Henning, however, is more clear about the business model. He explains that a) the productivity/collaboration component of Mendeley will be monetised, with accounts being rolled out later this year; b) the unique data that's aggregated will be monetised; c) Mendeley will be turned into a content distribution platform; and d) precisely targeted advertising will be aimed at Mendeley's highly specialised audience. "In principle, those revenue lines are sensible," Hannay observes. "No one really knows just how successful they'll be for this kind of application, but lots of people have developed similar software -- Papers, Sente, Qiqqa, Colwiz, Peaya Paper, WizFolio, Pubget, DeepDyve etc -- based on one or more of these potential revenue lines. In that sense, they're standard. I guess my main observation about Mendeley is that they seem to have spent a lot of money before even trying to monetise the application."

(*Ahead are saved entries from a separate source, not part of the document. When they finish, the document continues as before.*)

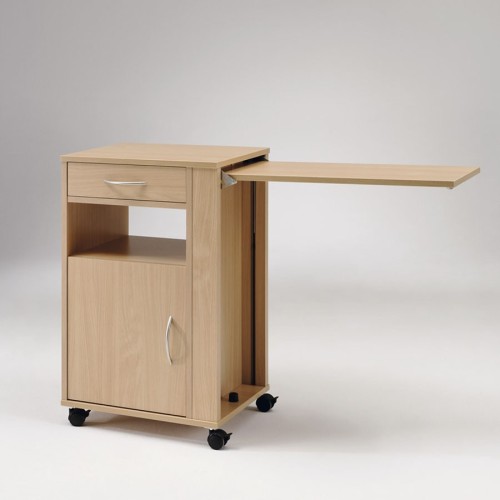 Este tipo de mesitas de noche con balda y bandejas autoelevables, es el complemento perfecto para una cama de altura graduable electrónicamente. De fabricación robusta, con ruedas incorporadas, facilitando así su traslado y su excelente distribución, diseñada especialmente para instituciones.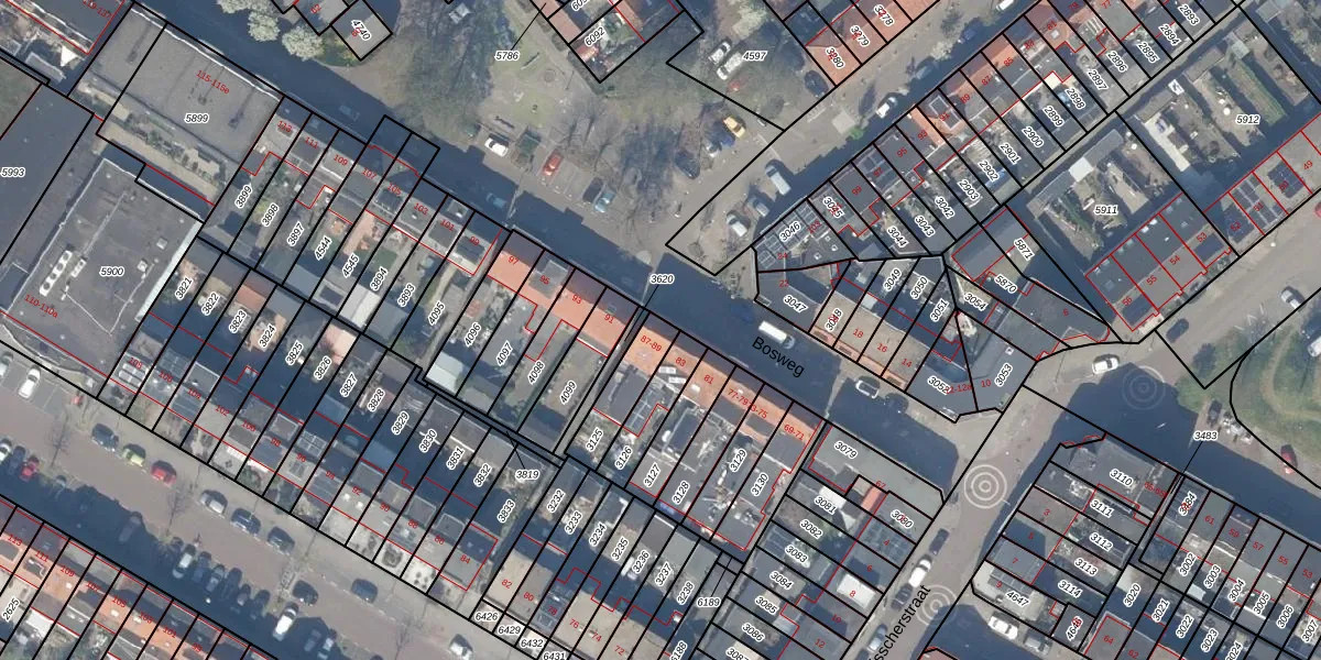 Bosweg 89 is gelegen op kadastraal perceel GDA01E3125. Deze kadastrale aanduiding is uniek en wordt gebruikt door het Kadaster om eigendomsrechten en andere zakelijke rechten vast te leggen. Het perceel maakt onderdeel uit van de kadastrale gemeente Gouda.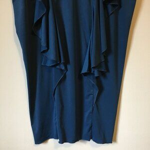 Very good preowned condition, dark navy blue, sleeveless blouse with ruffles going down either side of the body and stopping at the waist by Pepper Plus. Slinky and shiny as a seal. Chic. I think this might be a branch of Blu Peppercorn, as it looks similar to the logo. Not sure though.
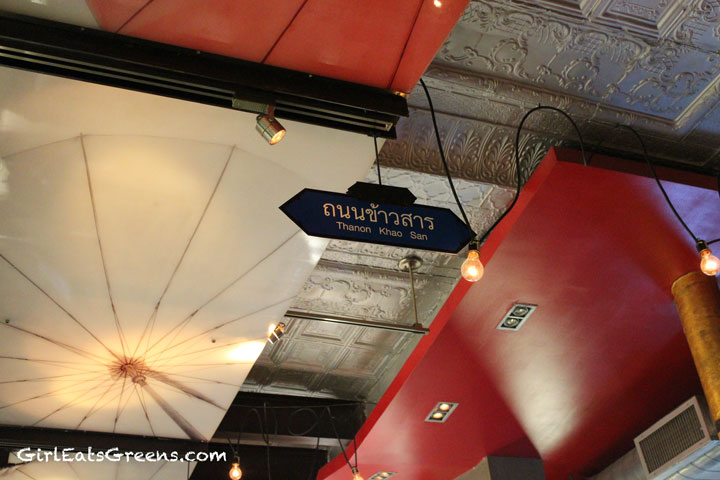 The first thing that I loved about the restaurant was its attention to detail in the decorating process. From the red umbrellas to the giant photographs on the wall, to the street signs and golden bells- everything is in line with the Thai motif. Even down to the menu which looked like a newspaper.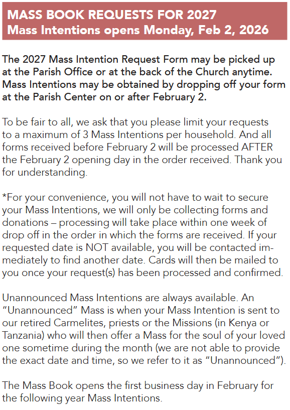 Want to Request a Mass to be Offered for Your Intention in 2027?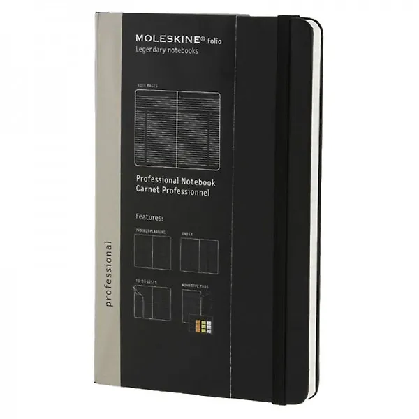 Записная книжка А5 96л линейка "Professional" черная, жесткая обложка, резинка, карман, ляссе, Moleskine

If there were to be an influx of cash it is more likely to come from a corporate buy-out, no matter how idealistic the team.
Glaenzer's exit from Last.fm -- sold to CBS in 2007 -- was worth $280 million to him and the other backers. Does he fear that his protégés at Mendeley will be similarly tempted? "That is the downside of being an investor -- because this call is finally a call for the founders on whether or not they want to sell," he says. But Henning doesn't appear to be interested in selling; he doesn't even talk about the business side of Mendeley a great deal. "You know, even with the anarchist T-shirt and the pierced lip, I think I was actually more conservative when I was at WHU, more into making money than I am now. Now I care about what I can do, about what we can do."

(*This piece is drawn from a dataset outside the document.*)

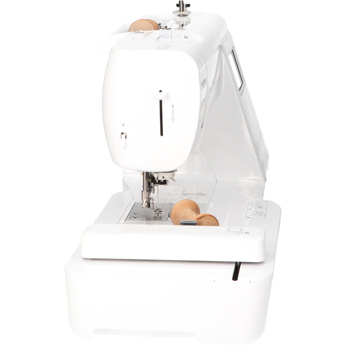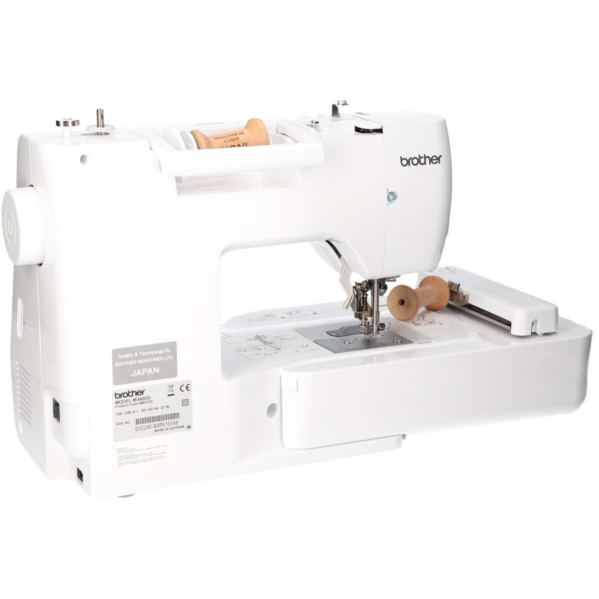 Configuración rápida de bobina simplemente coloque una bobina completa y siga la guía, puede comenzar su proyecto. Sensores de hilo El Innov-is M340ED tiene sensores de hilo superior e inferior que le avisan si el hilo está roto o si la bobina está casi agotada. Tecla cortadora de hilo automática, corta automáticamente los hilos superior e inferior con solo tocar una tecla.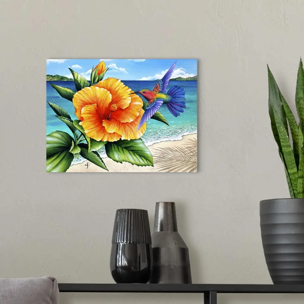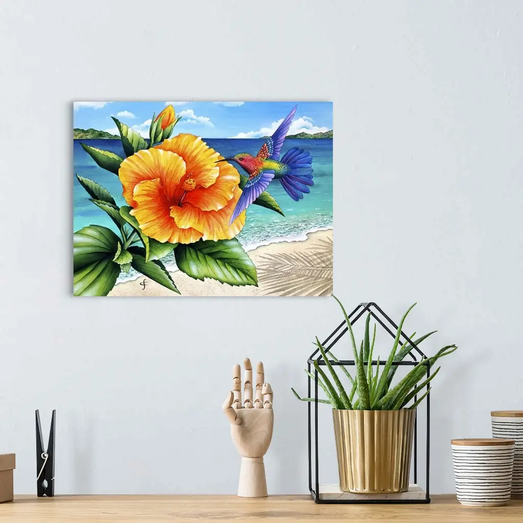 Artwork of colorful and vibrant yellow tropical flower, with a hummingbird hovering beside it.

Besides, there is an enormous challenge: "We are aiming to make Mendeley the biggest knowledge database on the planet," Glaenzer declares. "In 19 months, we have collected over 67 million articles. It took Thomson Reuters 49 years to come up with 40 million. But in the end you spend a lot of time with the work, and if you can have some impact on the world and you can make life better? That's as rewarding as it gets."
IV. REVOLUTION
Any endeavour based on scientific research might, therefore, become that much easier because Mendeley made the results available more quickly, or just joined the dots between research approaches that might previously have gone unrecognised beyond their immediate forum. "Mendeley seems driven by the goal of more openness in science and the benefits that can come from more openness," says Jonathan Eisen, professor in bioinformatics, University of California, Davis, and PLoS Biology's academic editor-in-chief. "In a way they are saying,
'What new things can we develop that both encourage and take advantage of more openness in sharing publications and related materials?' "This is revolutionary because many of the other systems really seem focused on just one main concept, like being an online reference-management system or a place to comment on articles or such. Mendeley is more of a platform for sharing and for making use of the information that comes from sharing. By being a platform driven by sharing, they seem to be the place that will discover and develop new tools and new ways to think."
Henning walks back through the office, past Reichelt, Föckler and the other members of the team, looking both contented and excited. He's happy to be getting on with changing the world.